# Mexico Beach



## Wishicaughtmore (Jun 17, 2013)

Heading there in July for a week. We have a house right on the beach near the pier in Mexico Beach. I am a bass fisherman and I know nothing about the sea. I have a sweet Wilderness ride 135 Kayak and I want to do some fishing. I do not want to bait fish, I would rather lure fish. Where to go, rod and real to use, precautions, what to fish for? Any help would be greatly appreciated.


----------



## baldona523 (Mar 2, 2008)

Have you ever been to Mexico Beach? Mexico beach is going to be basically surf fishing, but if you go east to St Joe's Bay you'll be able to bay fish for reds, specks, and flounder no different than you would in PCB, Choctaw bay, Pensacola Bay, etc so just read the reports from these areas and use the same techniques over there. 

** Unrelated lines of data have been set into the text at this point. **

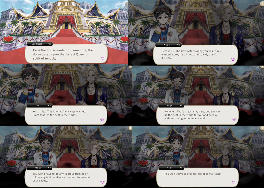 Instead, the dream redefines Neige as someone who cannot possibly be a rival to Vil, so that Vil might easily win the Best Actor award that Neige did in reality.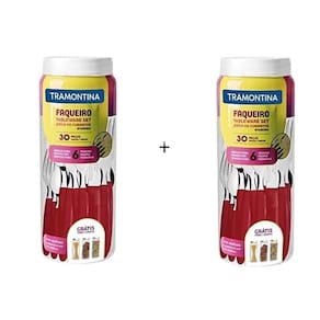 O pote plástico com design moderno que acompanha o produto é ideal para armazenar alimentos ou guardar os talheres, tornando o faqueiro muito prático de ser armazenado. Além disso, os talheres são muito fáceis de limpar e podem ir à máquina de lavar louças. Praticidade e qualidade é com os talheres Tramontina.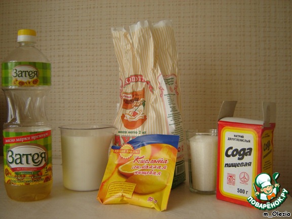 Берем 0,5 л молока, 1 стакан сахара, 100 г подсолнечного масла, 1 неполную столовую ложку соды, погашенную лимонной кислотой, муку.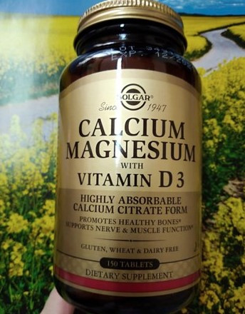 Инструкция по применению Кальций-Магний-Витамин Д3 Solgar/Солгар таблетки 150шт Краткое описание Кальций Магний с витамином D3 - содержит легко усваиваемую в организме цитратную (хелатную) форму кальция и магния . Кальций и магний в составе комплекса содержатся в оптимальном соотношении 2:1 .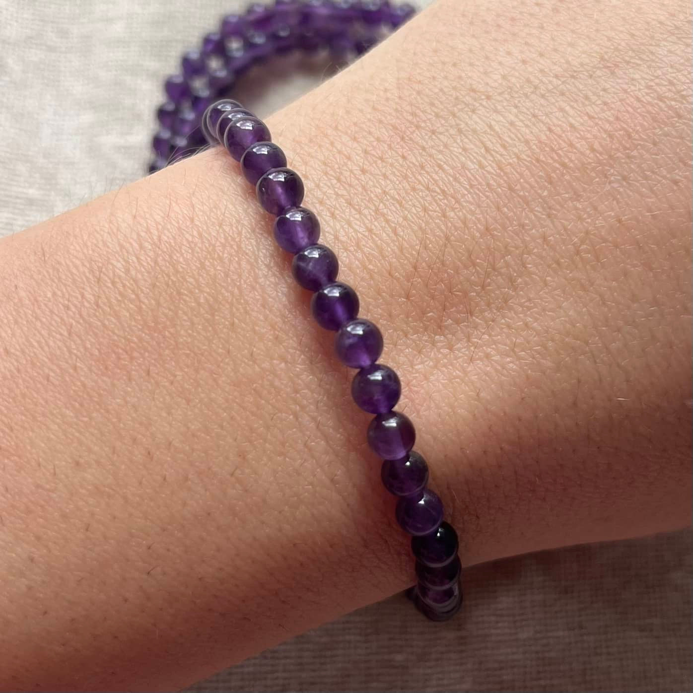 Amethyst 4mm Beaded Bracelet - Spiritual Protection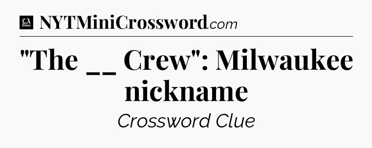 The clue “”The __ Crew”: Milwaukee nickname” most recently appeared in a LA Times Crossword on June 3, 2023.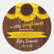 Eine kleine Sonnenblume ist unterwegs! Babyparty Runder Aufkleber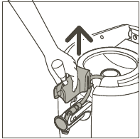 - Para evitar que as crianças usem o aparelho, você pode remover a alça da torneira. Para remover a alça, certifique-se de que ela esteja na posição vertical e puxe para cima.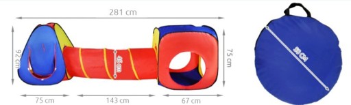- БАГАТОФУНКЦІОНАЛЬНИЙ- завдяки трьом з'єднаним частинам можна використовувати як намет, смугу перешкод або елемент ігрового майданчика; має багато входів/виходів, що робить гру ще більш привабливою.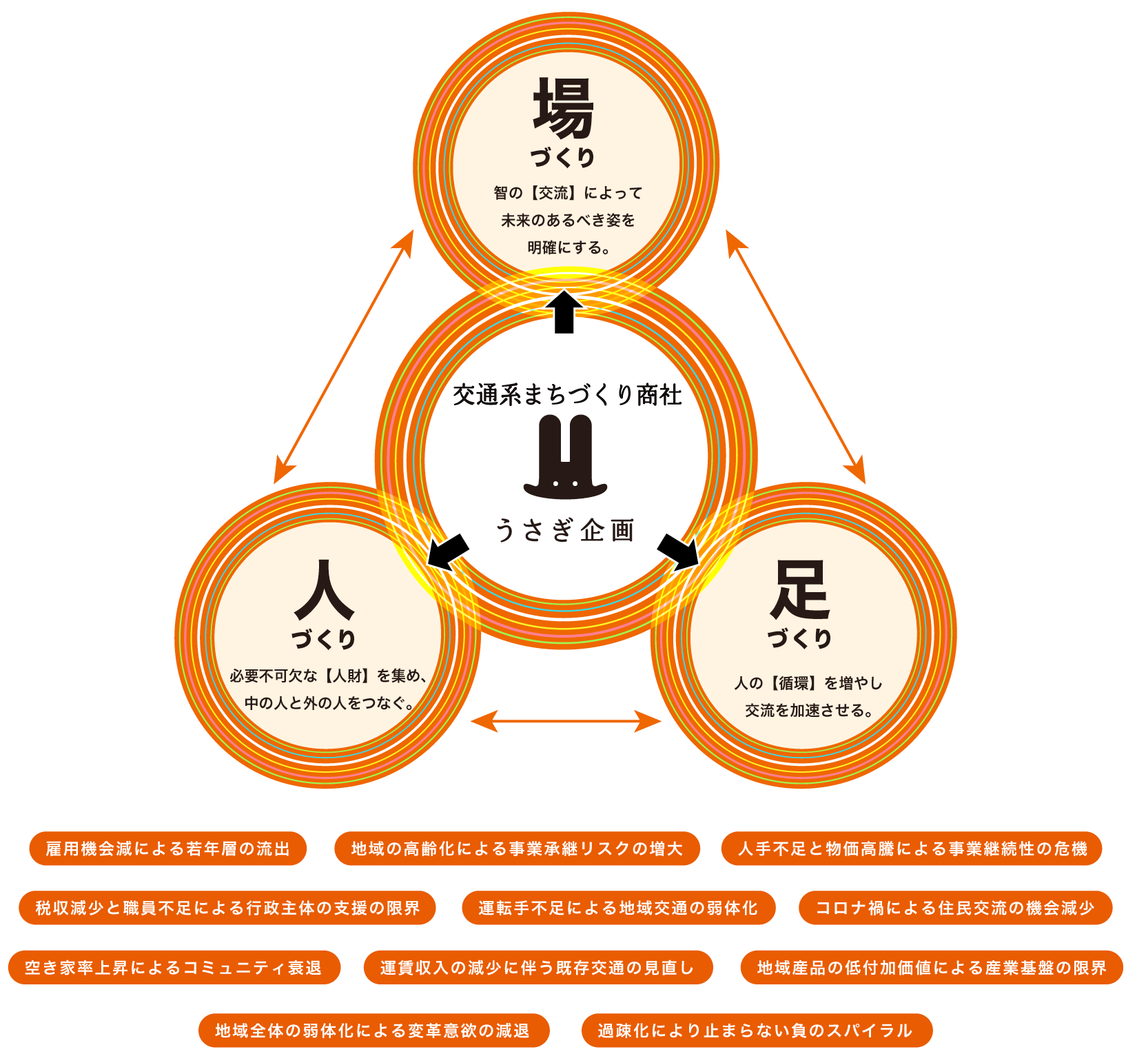 私たちは、人づくり×場づくり×足づくりという3つの側面から、

I have never fished the beach in Mexico Beach so I can't give you any tips on that. 

FYI July will be peak Scallop season, I would highly recommend looking into that.


----------



## Foulhook (Apr 26, 2010)

Look up the Forgotten Coast Kayak Fishing Association. They are the "Big Bend" experts and their forum covers from Mexico Beach eastward.


----------



## rustybucket (Aug 18, 2011)

We were there a couple weeks ago. On a boat of course. Most of these came 4-6mi offshore. If you paddle out to the tip of Cape San Blas (approx 2-3mi) there is always something running out there. A gotcha plug would be a good seeker.

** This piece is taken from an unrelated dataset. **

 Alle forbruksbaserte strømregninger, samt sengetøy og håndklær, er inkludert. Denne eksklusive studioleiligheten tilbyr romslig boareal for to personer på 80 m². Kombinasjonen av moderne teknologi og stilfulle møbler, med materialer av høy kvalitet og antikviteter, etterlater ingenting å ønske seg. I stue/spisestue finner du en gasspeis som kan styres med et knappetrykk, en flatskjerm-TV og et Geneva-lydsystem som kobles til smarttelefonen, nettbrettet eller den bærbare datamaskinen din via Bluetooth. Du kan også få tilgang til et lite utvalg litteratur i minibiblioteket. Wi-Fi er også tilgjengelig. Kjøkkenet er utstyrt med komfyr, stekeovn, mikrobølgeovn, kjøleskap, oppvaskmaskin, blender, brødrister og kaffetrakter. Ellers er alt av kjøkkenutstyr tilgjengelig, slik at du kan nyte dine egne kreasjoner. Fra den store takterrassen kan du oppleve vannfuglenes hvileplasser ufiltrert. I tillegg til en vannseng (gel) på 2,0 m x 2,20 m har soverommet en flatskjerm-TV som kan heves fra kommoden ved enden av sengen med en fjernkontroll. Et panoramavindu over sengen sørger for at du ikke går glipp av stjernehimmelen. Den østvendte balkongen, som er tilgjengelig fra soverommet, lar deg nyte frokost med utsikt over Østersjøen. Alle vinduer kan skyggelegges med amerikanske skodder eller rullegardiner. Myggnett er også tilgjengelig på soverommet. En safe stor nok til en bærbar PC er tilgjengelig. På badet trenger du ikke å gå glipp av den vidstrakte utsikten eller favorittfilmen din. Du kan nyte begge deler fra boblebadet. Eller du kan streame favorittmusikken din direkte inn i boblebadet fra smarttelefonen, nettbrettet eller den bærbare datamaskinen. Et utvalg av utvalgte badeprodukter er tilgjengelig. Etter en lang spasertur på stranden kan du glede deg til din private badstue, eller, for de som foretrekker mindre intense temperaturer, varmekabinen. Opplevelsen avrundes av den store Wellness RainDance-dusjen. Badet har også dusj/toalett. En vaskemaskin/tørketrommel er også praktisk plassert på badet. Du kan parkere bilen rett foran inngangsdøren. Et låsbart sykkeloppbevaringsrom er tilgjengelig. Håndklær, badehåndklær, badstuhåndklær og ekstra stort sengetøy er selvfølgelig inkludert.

Without knowing what kind of gear you have, it's hard to make any recommendations. There are always sharks in the area, depending on what size you want to target your location should vary. There are always fish in the mouth of Mexico Beach inlet/canal.


----------



## FLfishR (Oct 3, 2007)

When in July are you going to be there?


----------



## NoMoSurf (Oct 2, 2007)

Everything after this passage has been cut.